▶ Exercise directions
With pictures excluded, copy word for word the lines in the data below from the line containing "4、输入旧密码、新密码并再次输入新密码后,点击保存即可。" through the line containing "Drape yourself in".

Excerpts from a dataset
::::::

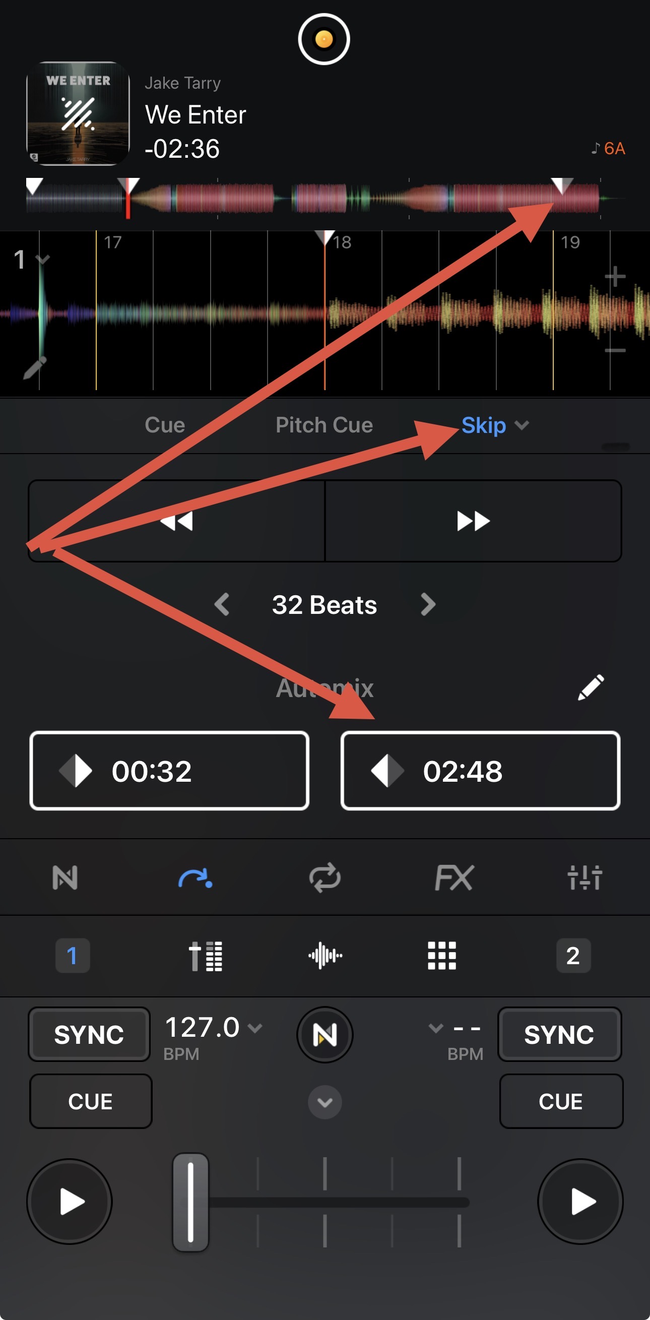 For example, sometimes I want to go to the peak of the build up of Song 1, then having the first beat of Song 2 slamming as beat drop. I guess this is something that I am probably far from being the only one doing. So, could be of general use. And probably not too difficult for the Dev team, as you can already move the cursor before the start of a song. But you can’t place a cue point there (at least not an automix starting point).
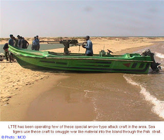 The ability to swarm combatants and other ships with small boats means that whatever weapon system used to combat them must be able to put out volume fires cheaply without incurring too large a logistics penalty for reconstitution - in other words, full-up VLS rounds are out. As Galrahn and others have said here, crewed small mounts (and regular training) are probably the cheapest and quickest answer to this problem. Dedicated CIWS modes are another. If we have to have electromagnetic weapons, it would be interesting to see if one can be devised that interferes with small, cheap electronic ignitions like those used in compact outboard motors. (File photo of LTTE boat from Sri Lankan MOD via lankalibrary.com)
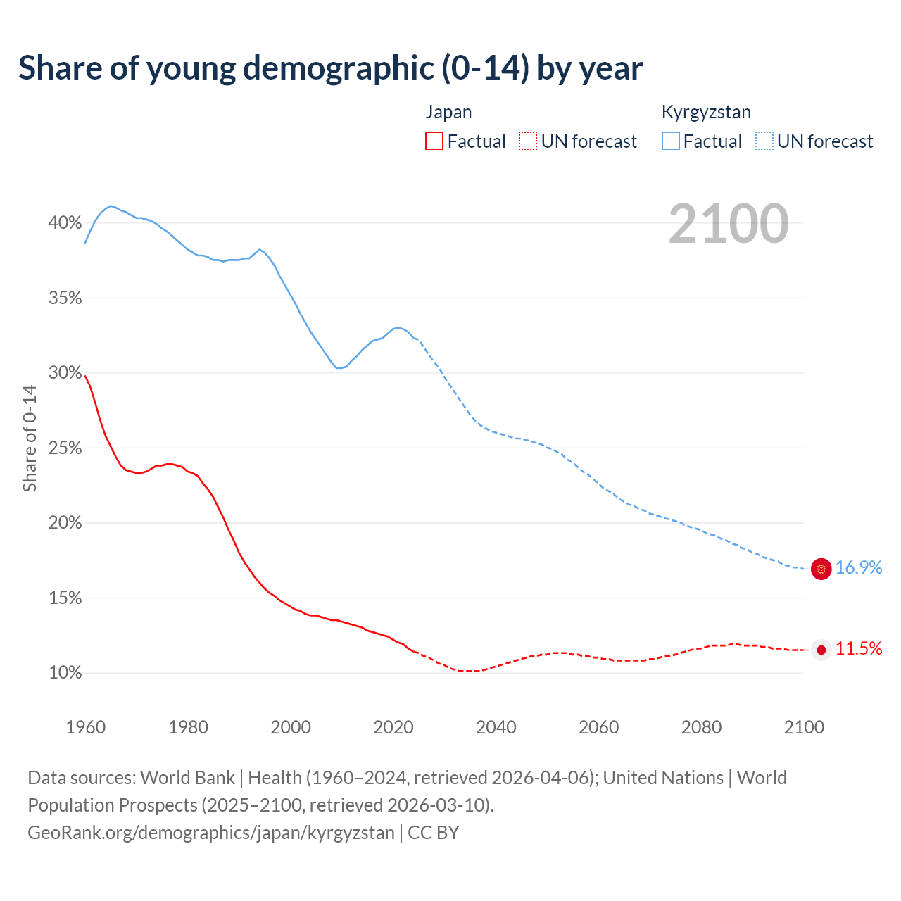 - The share of young demographic (0-15 years old) in Japan is 11.4% vs 32.3% in Kyrgyzstan.
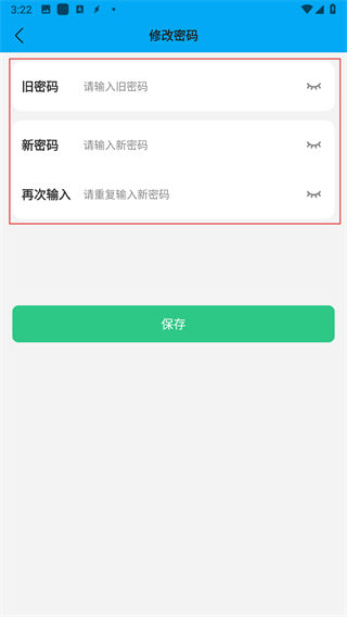 4、输入旧密码、新密码并再次输入新密码后,点击保存即可。
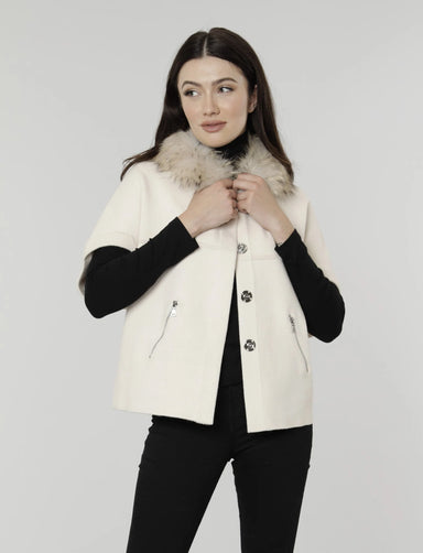 Drape yourself in the coziest comfort this fall with our Structured Short Sleeved Cardigan with Faux Fur Collar. Now available in classic Animal Pr...
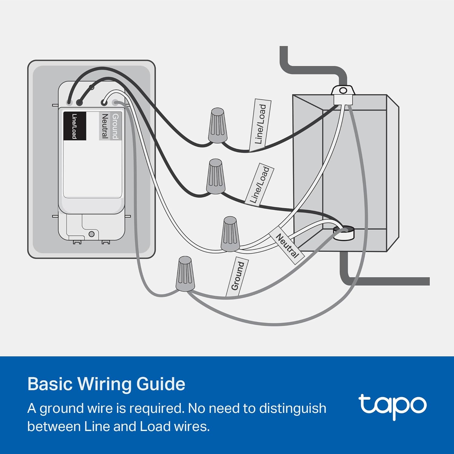 【App-Guided Install】The Tapo app guides you through step-by-step setup. Requires neutral wiring and 2.4 GHz Wi-Fi. Consulting an electrician is recommended if you’re unfamiliar with electrical wiring.
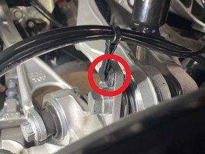 注1 个螺栓,1 个旗形螺母,21 毫米,150 Nm;用油性记号笔标记。
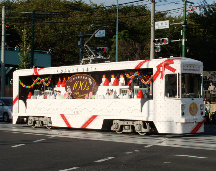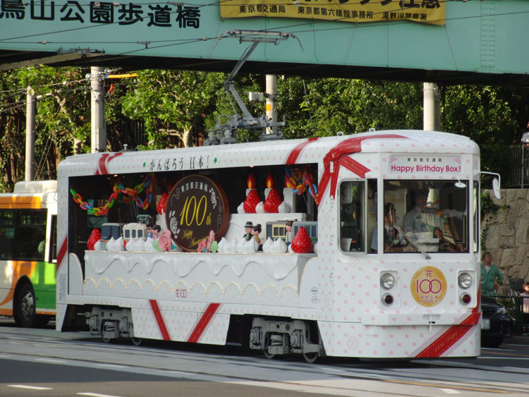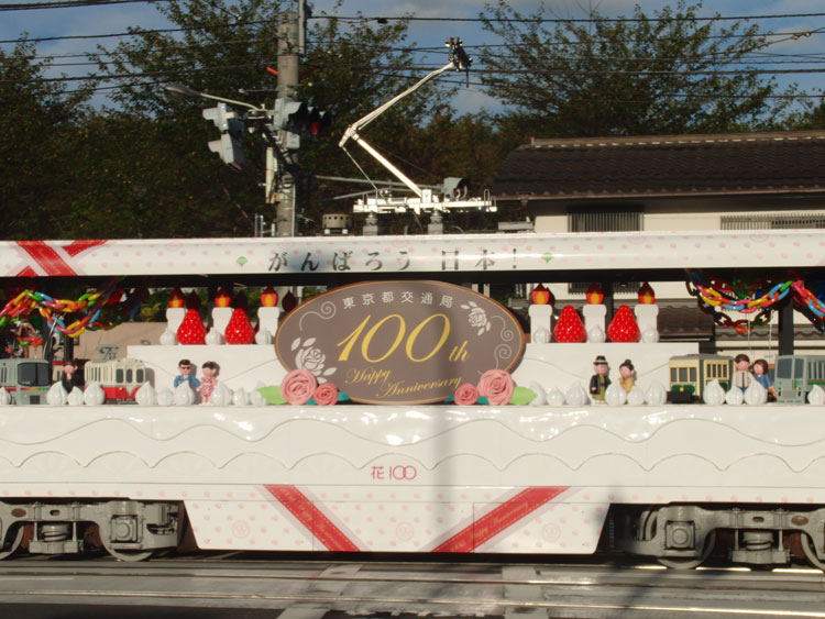 横浜線「華」撮影の合間に、都電荒川線で運転された「花電車」も撮ってきました。 今回の「花電車」は、東京都交通局が100周年を迎えたことを記念して運転されたもので、予定では6月に運転されるはずだったのですが、震災の影響で10月の運転となりました。車両は廃車となった7500形(7510号車)を改造した「花100」。なお、都電での花電車運転は33年振りとなりました。 飛鳥山交差点付近で待機。警備員専用車が登場。 車内は警備員だらけ。まるでフジ系某鬼ごっこ番組のようです・・・(笑) そして本番。 もちろん、側面重視でここを選びました。装飾が細かい・・・。 「花電車」としての運転は10月30日を以て終了してしまいましたが、今後もこの車両を使ったイベントが行われるようですので、ご予定が合わなかった方もぜひこちらに。 せっかくここまで来たので、飛鳥山公園の保存車も見に行ってきました。続きます。 | カレンダー

::::::

▶ Output
 4、输入旧密码、新密码并再次输入新密码后,点击保存即可。
 Drape yourself in the coziest comfort this fall with our Structured Short Sleeved Cardigan with Faux Fur Collar. Now available in classic Animal Pr...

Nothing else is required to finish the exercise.